I found Dr. Shubiner's program on his current Indigogo Campaign and I was going to beg my neurologist to pay for the highest level of benefit and have the Dr. come and speak to their medical group, and beg them to give me the other benefits as I have been out of work now since December and have no desire to do anything. I was living off my savings and will be out of money in about a month and not sure what I will do. I felt like this was the answer to the 28 years of hell that I have been living, but then again, wondering if my doctor would even be open to this, so then my hopes were dashed again.
My pains have been increasing over the years to new and added diagnosis', to now where I can't work and have no desire to leave the house or barely take care of my basic needs. The last several years I have lost the majority of my family and now am left alone and have no support left. My story is probably the same as a lot of people in chronic pain with so many heartbreaks and setbacks.
I have not gone a day without thinking about ending my life multiple times a day because I couldn't stand the pain and I literally had no reason to live. For the past several years I have been literally searching for something that I enjoyed or wanted to do in my life and to this date, I have found nothing. What is the point of anything, the pain is not worth the trouble of anything and I have no one to care?
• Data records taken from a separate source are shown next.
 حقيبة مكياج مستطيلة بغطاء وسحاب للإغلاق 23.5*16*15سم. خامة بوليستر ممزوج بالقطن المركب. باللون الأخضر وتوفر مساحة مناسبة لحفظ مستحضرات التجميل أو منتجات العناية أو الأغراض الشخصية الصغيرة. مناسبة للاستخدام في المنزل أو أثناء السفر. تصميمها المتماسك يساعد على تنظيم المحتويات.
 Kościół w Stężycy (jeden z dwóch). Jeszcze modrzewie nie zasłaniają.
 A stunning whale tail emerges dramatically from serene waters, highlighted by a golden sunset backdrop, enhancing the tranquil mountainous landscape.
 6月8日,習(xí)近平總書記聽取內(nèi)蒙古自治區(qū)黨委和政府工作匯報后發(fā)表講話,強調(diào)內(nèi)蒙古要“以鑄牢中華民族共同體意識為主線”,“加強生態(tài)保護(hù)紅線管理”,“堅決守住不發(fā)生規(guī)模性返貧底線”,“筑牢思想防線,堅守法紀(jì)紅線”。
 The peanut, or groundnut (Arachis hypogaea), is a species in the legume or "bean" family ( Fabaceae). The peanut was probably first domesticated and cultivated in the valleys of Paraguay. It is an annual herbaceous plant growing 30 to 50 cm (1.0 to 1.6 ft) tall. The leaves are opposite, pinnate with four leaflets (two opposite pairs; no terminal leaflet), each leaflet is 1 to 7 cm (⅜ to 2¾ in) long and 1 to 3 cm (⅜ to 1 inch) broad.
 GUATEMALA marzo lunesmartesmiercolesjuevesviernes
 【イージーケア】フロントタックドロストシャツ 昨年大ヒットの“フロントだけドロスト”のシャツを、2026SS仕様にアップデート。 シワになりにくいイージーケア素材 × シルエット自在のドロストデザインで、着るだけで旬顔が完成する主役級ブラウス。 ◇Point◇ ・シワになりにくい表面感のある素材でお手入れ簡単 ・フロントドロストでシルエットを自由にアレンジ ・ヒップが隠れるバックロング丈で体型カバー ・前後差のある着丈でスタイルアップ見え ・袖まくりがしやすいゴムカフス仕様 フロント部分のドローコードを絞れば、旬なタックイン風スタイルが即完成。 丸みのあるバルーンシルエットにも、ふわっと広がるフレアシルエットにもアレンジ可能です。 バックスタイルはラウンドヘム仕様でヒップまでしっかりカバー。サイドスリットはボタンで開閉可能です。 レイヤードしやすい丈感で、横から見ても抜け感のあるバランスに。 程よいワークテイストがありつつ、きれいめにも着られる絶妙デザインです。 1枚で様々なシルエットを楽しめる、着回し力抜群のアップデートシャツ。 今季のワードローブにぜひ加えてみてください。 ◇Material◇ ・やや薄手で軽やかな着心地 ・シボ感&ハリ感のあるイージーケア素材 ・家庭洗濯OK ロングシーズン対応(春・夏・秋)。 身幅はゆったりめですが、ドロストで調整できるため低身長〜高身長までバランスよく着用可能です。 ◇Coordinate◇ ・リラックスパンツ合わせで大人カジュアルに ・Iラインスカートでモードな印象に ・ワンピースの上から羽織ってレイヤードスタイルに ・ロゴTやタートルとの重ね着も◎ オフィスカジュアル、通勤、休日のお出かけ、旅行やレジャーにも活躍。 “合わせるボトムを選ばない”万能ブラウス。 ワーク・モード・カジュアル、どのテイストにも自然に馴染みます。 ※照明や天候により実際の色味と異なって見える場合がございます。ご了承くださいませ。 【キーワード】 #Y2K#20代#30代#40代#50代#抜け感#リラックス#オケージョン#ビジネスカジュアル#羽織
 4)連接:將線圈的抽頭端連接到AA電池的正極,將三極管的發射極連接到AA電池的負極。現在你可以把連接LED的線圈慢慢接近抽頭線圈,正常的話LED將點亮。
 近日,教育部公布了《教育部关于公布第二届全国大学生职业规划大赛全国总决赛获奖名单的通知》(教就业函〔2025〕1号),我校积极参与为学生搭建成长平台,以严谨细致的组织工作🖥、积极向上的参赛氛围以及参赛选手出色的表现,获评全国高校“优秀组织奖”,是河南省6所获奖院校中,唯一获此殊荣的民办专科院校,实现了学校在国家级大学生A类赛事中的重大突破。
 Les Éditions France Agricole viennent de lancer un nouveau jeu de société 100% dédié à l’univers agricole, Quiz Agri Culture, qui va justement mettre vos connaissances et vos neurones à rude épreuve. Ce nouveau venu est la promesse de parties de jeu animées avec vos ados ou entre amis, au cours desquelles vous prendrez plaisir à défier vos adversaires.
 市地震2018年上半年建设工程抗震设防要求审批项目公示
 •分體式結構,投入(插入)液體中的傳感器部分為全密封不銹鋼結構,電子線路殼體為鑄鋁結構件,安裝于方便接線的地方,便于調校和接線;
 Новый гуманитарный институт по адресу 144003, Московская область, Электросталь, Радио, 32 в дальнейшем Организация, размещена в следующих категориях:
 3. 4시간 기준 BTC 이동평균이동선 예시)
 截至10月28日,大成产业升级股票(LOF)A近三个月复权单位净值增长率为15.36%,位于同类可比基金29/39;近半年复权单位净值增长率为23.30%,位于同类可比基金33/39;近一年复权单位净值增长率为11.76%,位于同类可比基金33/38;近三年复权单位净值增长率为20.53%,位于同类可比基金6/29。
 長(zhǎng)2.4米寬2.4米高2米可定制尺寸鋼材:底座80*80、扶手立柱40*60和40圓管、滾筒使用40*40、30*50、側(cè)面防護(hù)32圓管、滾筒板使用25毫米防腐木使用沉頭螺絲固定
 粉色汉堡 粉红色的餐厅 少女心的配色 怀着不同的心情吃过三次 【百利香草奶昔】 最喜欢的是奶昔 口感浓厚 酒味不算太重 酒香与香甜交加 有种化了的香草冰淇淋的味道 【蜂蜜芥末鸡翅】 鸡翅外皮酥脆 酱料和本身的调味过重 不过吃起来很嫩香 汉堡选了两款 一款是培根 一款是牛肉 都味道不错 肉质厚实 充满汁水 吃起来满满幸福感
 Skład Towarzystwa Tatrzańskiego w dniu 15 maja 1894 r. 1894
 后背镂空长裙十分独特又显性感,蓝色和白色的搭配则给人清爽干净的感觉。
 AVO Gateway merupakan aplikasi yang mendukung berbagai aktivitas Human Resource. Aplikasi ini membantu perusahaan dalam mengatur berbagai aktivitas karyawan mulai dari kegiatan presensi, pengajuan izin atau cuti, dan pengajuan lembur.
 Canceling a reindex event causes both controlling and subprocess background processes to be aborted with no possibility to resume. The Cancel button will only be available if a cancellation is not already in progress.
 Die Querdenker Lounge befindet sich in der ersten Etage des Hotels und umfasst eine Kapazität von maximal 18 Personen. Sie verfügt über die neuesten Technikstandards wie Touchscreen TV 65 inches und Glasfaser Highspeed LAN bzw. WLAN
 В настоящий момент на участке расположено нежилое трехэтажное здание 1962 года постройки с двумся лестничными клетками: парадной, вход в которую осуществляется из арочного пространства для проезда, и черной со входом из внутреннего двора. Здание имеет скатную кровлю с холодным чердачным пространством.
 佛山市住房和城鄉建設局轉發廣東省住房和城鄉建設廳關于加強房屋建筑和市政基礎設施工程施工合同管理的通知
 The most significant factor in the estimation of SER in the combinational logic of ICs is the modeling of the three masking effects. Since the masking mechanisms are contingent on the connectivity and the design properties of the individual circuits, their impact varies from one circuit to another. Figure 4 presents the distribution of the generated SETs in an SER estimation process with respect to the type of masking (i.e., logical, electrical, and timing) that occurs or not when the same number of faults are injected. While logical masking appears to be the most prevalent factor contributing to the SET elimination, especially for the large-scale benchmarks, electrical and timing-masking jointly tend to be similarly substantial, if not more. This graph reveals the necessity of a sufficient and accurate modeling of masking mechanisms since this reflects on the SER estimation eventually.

At times I try affirmations and positive attitude, etc. but then something happens to pull me further back down. This, along with many other "real" things has taught me that I am a bad person, not worthy of being healthy, pain-free, happy, or even loved. I have made many self-realizations through the years about myself with the final one being that I will never be "enough". How can one live with this knowledge of never being enough for yourself and others? I have so many regrets and so much guilt that I can't let go. I don't know how to let go of any of it.
Finally, to the point, am I really going to be capable of benefiting from this program???